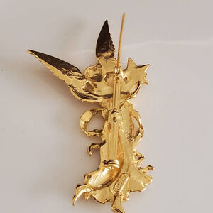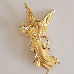 JJ Jonette Gold Tone Angel Brooch with Star and Rhinestone Accent Matte Finish
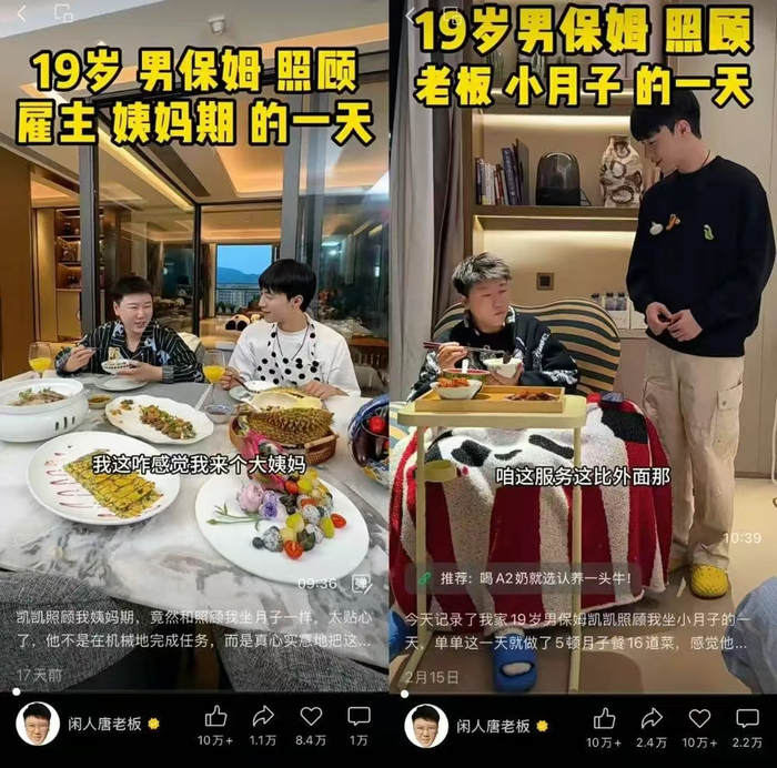 在视频中,作为雇主的 @闲人唐老板 是事业有成、雷厉风行、打扮中性化的单身中年女性,保姆凯凯则是年轻帅气、贴心乖巧的男孩,这样的人设反差一上来就抓住了观众的眼球。
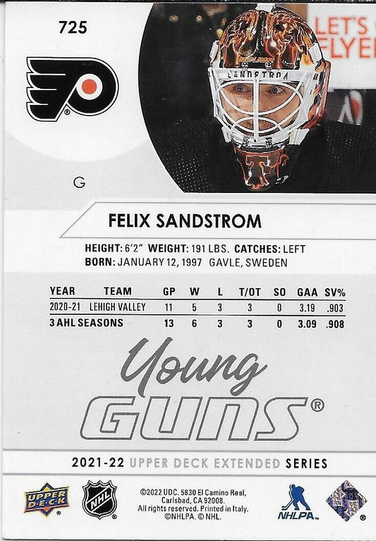 Signed Felix Sandstrom Young Guns 21-22 UD Philadelphia Flyers Rookie Card
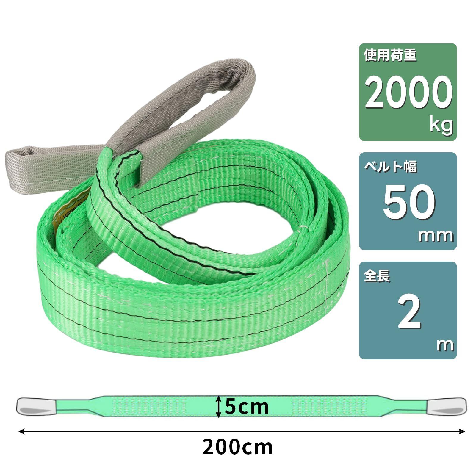 【商品仕様&最大耐荷重性】安全係数:6(最大使用荷重×6=破断荷重)最大使用荷重:2000kg (ストレート吊の場合)長さ2M×幅50MM、スリングベルト(両端アイ型) 使用荷重素材:ポリエステル繊維、2本セット。大半の吊り作業に対応可能です、業務効率が大幅に向上します。
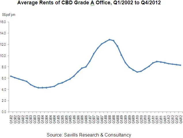 Consequently, the monthly rents of overall Grade A offices averaged at S$8.31 per sq ft in Q4/2012, falling by about 5.0% from S$8.72 per sq ft a year ago.

───

Your task: Your reply should consist solely of the lines above, from the opening line through the line with "Signed Felix Sandstrom", reproduced exactly and without pictures.

Output:
 JJ Jonette Gold Tone Angel Brooch with Star and Rhinestone Accent Matte Finish
 在视频中,作为雇主的 @闲人唐老板 是事业有成、雷厉风行、打扮中性化的单身中年女性,保姆凯凯则是年轻帅气、贴心乖巧的男孩,这样的人设反差一上来就抓住了观众的眼球。
 Signed Felix Sandstrom Young Guns 21-22 UD Philadelphia Flyers Rookie Card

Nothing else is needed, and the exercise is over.